- **Information shown**:
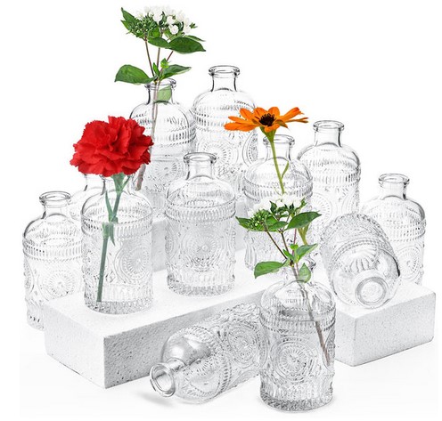Kingrol 12 sztuk przezroczystych szklanych wazonów, małe wazony na kwiaty, zabytkowe szklane butelki do dekoracji domowego biura, centralne elementy na stół weselny (3823)
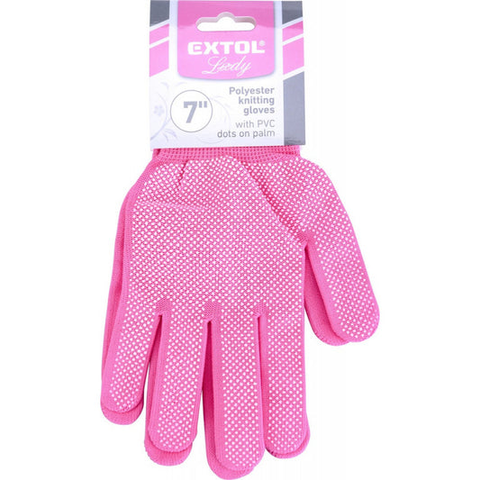 EXTOL LADY kötött kesztyű, rózsaszín, PE, fehér PVC pöttyökkel, méret: 7`, Extol Lady
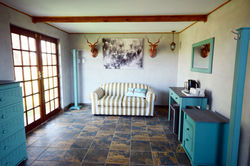 The Nguni house at Buisdoorens is a six sleeper with four single beds and a double bed in the loft. There is a lounge area with a bar fridge and coffee station for that early morning rise or where you can take your shoes off and relax after a long day in the field.
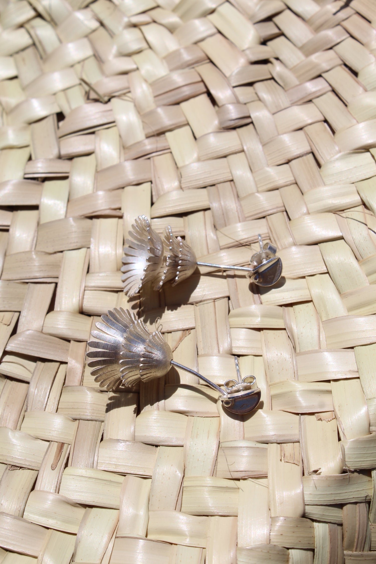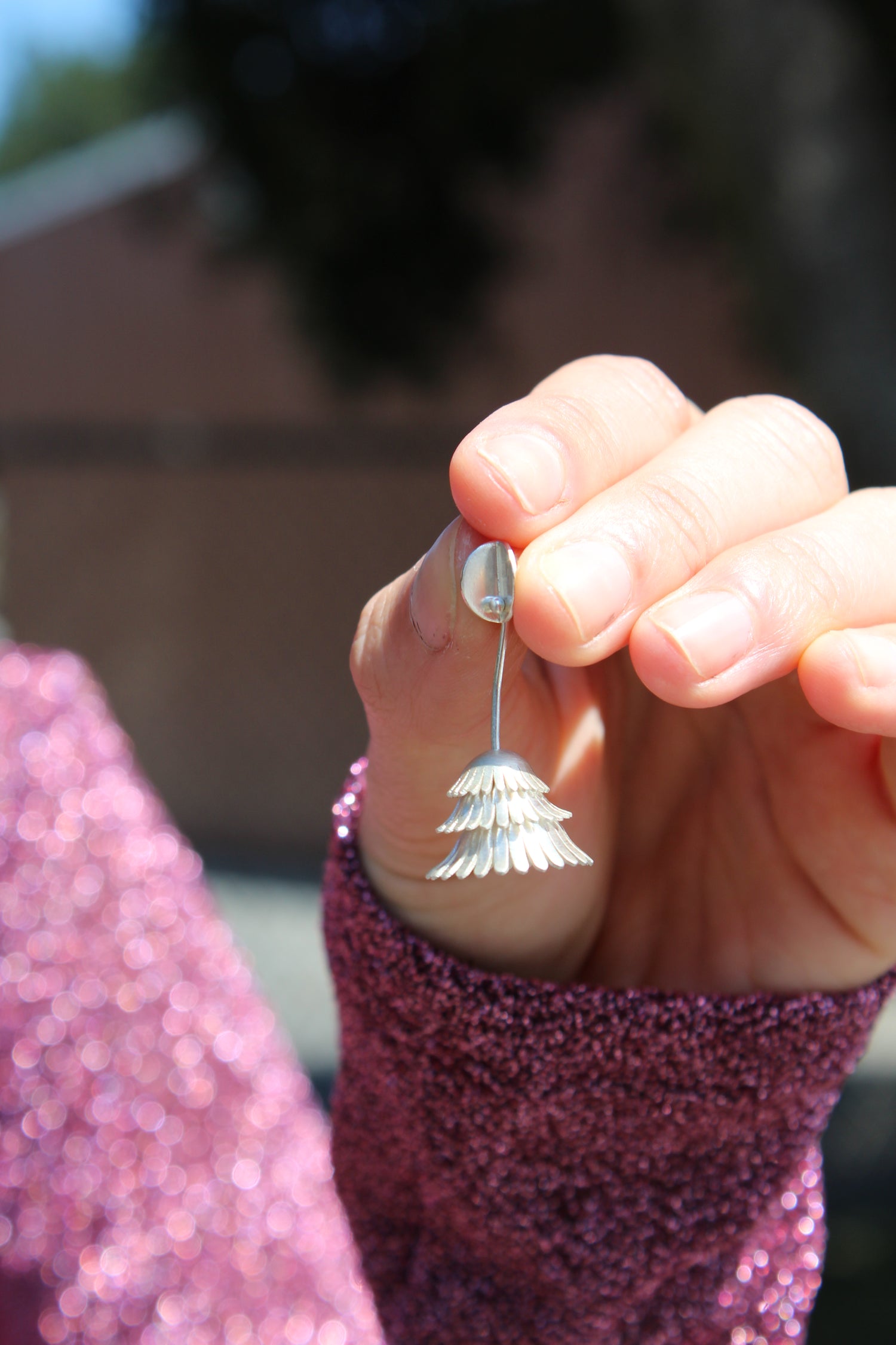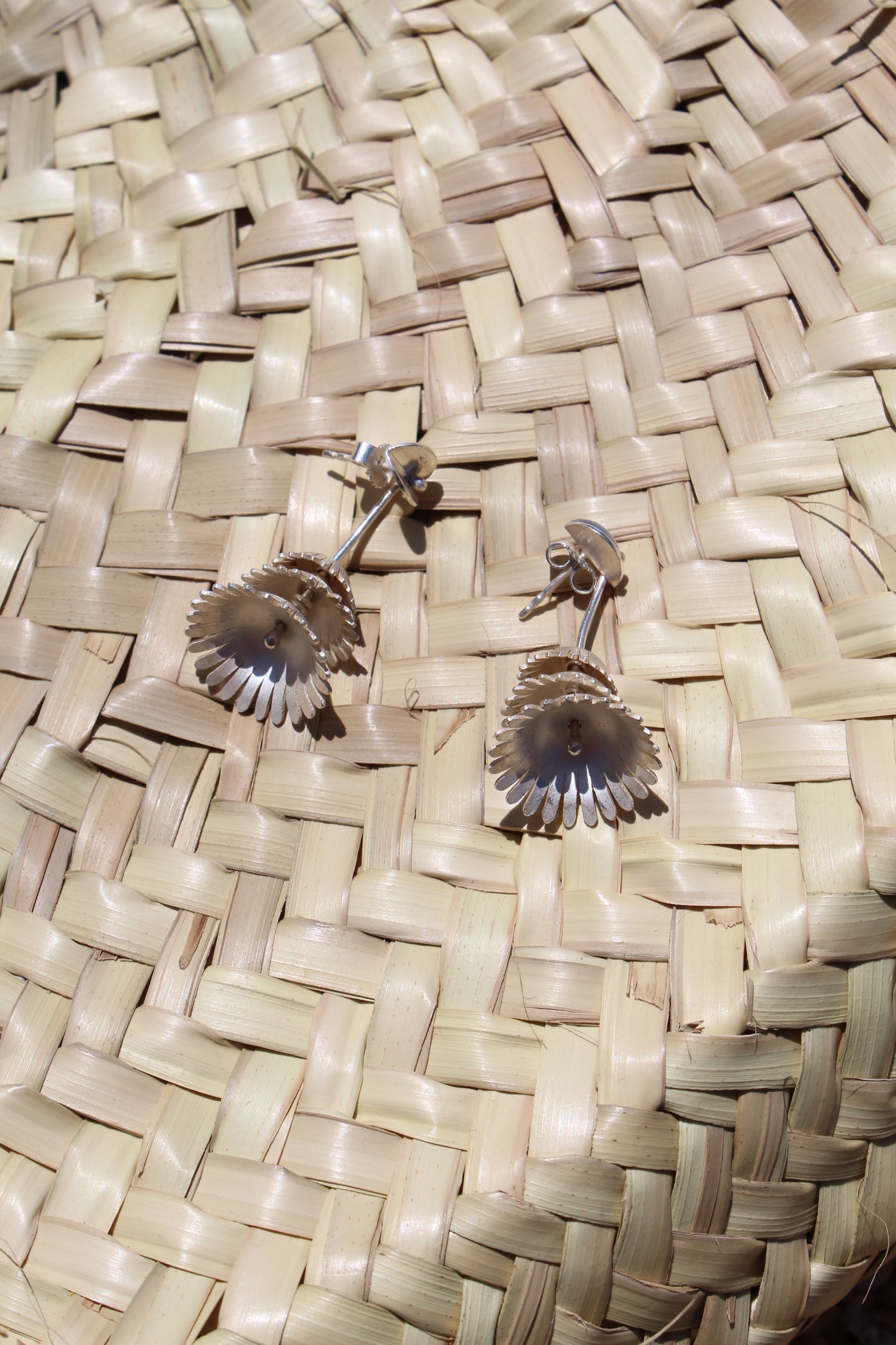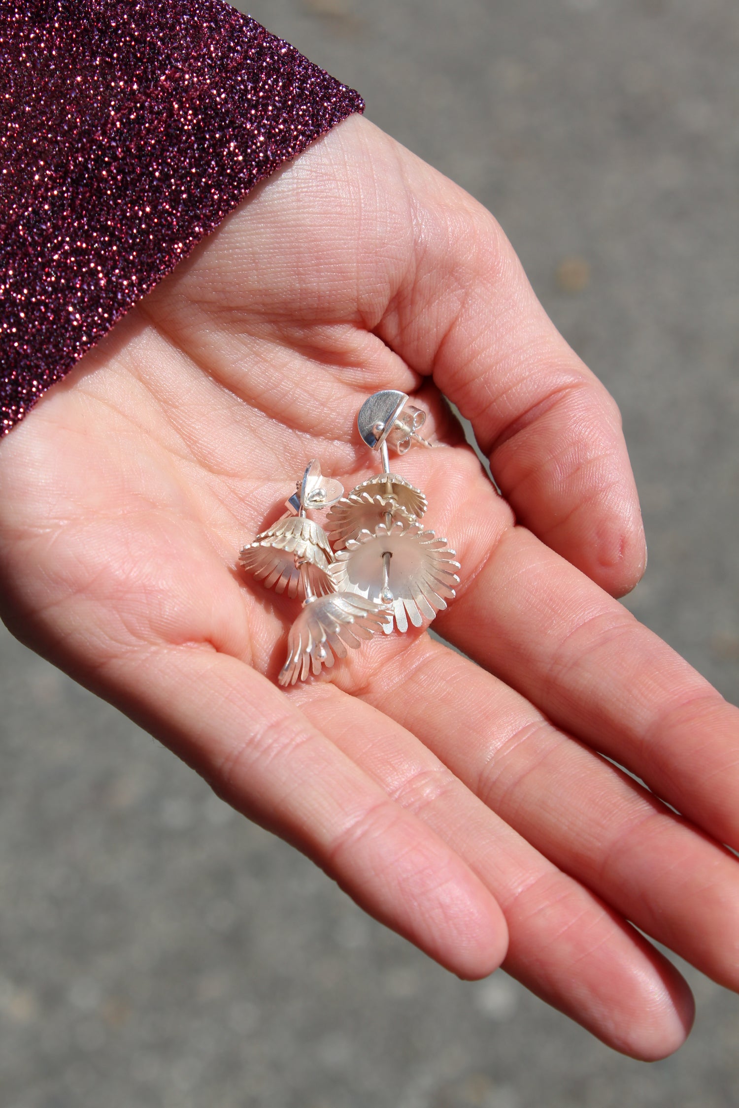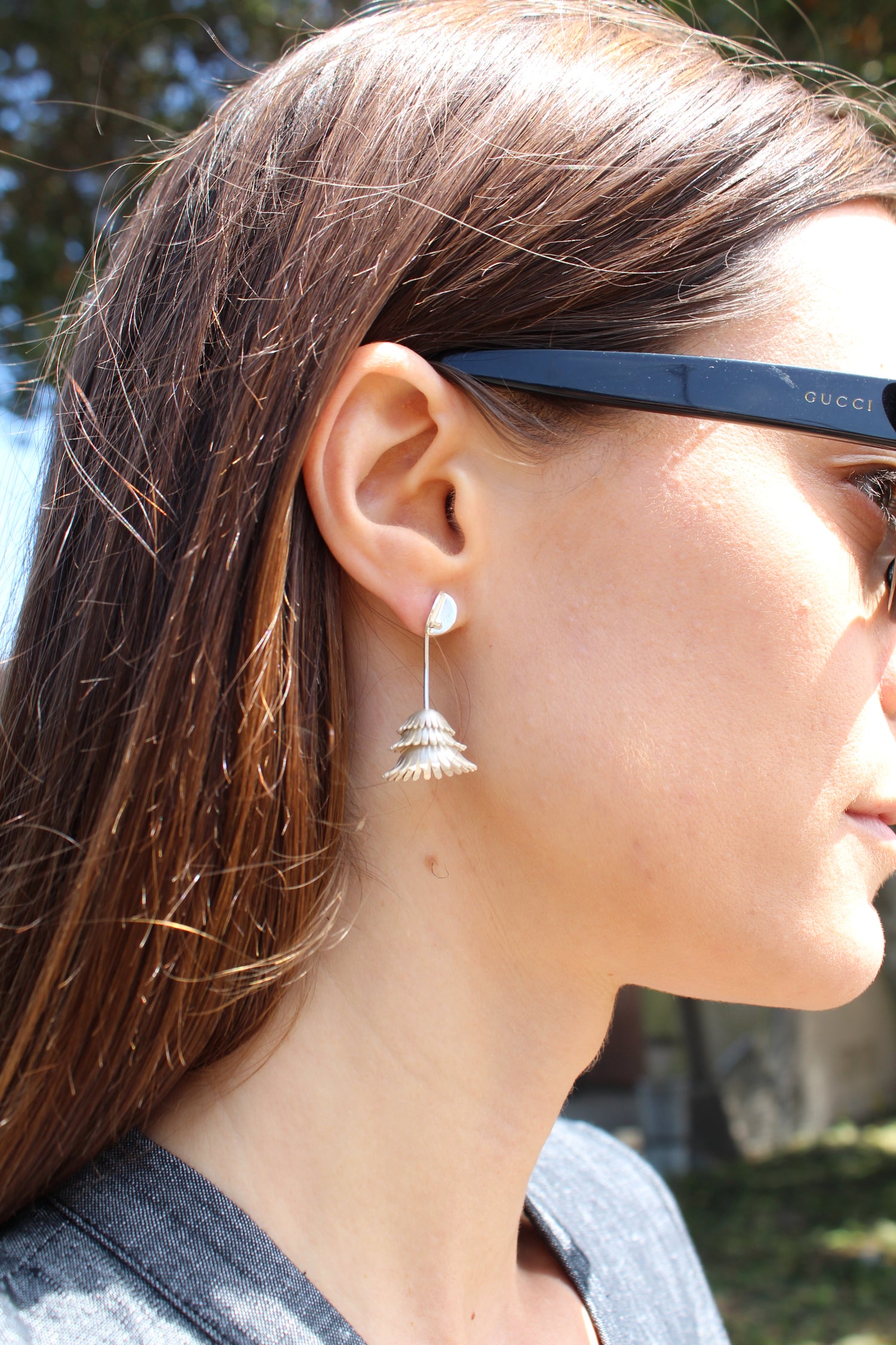 Handmade in France by the designer. 3 Stacked sterling silver flowers, approximately 1 1/2" drop.

- **Task to complete**: Copy out nothing but text: transcribe the listing exactly and skip each picture.

- **Solution**:
Kingrol 12 sztuk przezroczystych szklanych wazonów, małe wazony na kwiaty, zabytkowe szklane butelki do dekoracji domowego biura, centralne elementy na stół weselny (3823)
 EXTOL LADY kötött kesztyű, rózsaszín, PE, fehér PVC pöttyökkel, méret: 7`, Extol Lady
 The Nguni house at Buisdoorens is a six sleeper with four single beds and a double bed in the loft. There is a lounge area with a bar fridge and coffee station for that early morning rise or where you can take your shoes off and relax after a long day in the field.
 Handmade in France by the designer. 3 Stacked sterling silver flowers, approximately 1 1/2" drop.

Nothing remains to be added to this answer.